For a few minutes we are going to place ourselves into the sandals of the ancient Hebrew people. We should do this more often: there are many ways in which their suffering prefigures and encapsulates every people’s life-experience. For now let’s just accept that they too are sufferers of the human condition, that condition under which we stumble in the 21st Century, nearly three thousand years after them.
Frustrated perhaps, grief-stricken perhaps, the great poet-prophet Isaiah – actually the second of at least two Isaiahs – sought to bring comfort to his troubled people. He did so with a suitcase full of bewildering images, the best known of which is probably that of the suffering servant.

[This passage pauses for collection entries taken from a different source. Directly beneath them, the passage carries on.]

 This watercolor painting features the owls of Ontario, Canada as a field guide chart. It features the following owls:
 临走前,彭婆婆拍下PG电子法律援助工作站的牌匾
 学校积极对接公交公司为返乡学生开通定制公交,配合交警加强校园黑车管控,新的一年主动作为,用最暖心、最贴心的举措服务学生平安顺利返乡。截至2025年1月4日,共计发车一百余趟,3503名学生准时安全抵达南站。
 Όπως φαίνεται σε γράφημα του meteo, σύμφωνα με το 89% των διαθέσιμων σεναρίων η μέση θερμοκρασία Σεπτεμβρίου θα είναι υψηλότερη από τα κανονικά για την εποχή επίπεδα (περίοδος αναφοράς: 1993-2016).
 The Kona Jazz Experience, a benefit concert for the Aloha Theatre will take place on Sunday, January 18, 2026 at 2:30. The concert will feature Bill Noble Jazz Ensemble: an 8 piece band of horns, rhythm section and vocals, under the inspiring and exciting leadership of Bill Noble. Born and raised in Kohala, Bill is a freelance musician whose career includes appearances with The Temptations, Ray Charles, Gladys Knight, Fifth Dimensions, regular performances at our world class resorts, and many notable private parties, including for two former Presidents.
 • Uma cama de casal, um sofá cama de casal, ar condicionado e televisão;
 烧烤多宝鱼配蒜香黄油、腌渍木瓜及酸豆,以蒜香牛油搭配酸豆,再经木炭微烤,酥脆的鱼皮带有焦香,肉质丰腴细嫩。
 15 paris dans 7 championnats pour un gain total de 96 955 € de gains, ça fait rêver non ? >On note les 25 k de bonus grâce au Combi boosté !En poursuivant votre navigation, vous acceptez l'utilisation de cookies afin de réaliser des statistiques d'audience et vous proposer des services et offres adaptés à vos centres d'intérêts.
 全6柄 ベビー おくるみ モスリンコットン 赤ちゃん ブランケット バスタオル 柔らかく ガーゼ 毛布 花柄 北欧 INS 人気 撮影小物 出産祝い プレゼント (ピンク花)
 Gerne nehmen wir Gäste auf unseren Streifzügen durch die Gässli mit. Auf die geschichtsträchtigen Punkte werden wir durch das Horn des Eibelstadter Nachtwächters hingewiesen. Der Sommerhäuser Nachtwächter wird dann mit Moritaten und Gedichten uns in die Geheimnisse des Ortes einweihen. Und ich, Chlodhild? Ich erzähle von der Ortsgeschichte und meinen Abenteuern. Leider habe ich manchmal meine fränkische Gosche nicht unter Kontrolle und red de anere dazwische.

Isaiah himself was probably referring to the Hebrew people themselves as the suffering servant of God. Their task, as he understood it, was to reveal the one Creator God to God’s world. But centuries later it became the turn of the early Christians to make sense of the new realities they in turn were experiencing. They too were seeing the collapse of old certainties and safeties. They suffered the corrupt practices of the deteriorating, oppressive Roman Empire. They saw the certainties of the Hebrews’ faith in YHWH crumbling around them … Roman gods were sexier and easier to follow. They had encountered the rumours of the Resurrection of Jesus, and subsequently experienced the powerful sense of his unseen presence in their fellowship and worship. All this was confusing enough. Yet more even confusingly, some of them who had chosen to follow the new Resurrection faith were hated for their troubles, as they trusted in and followed their crucified Messiah.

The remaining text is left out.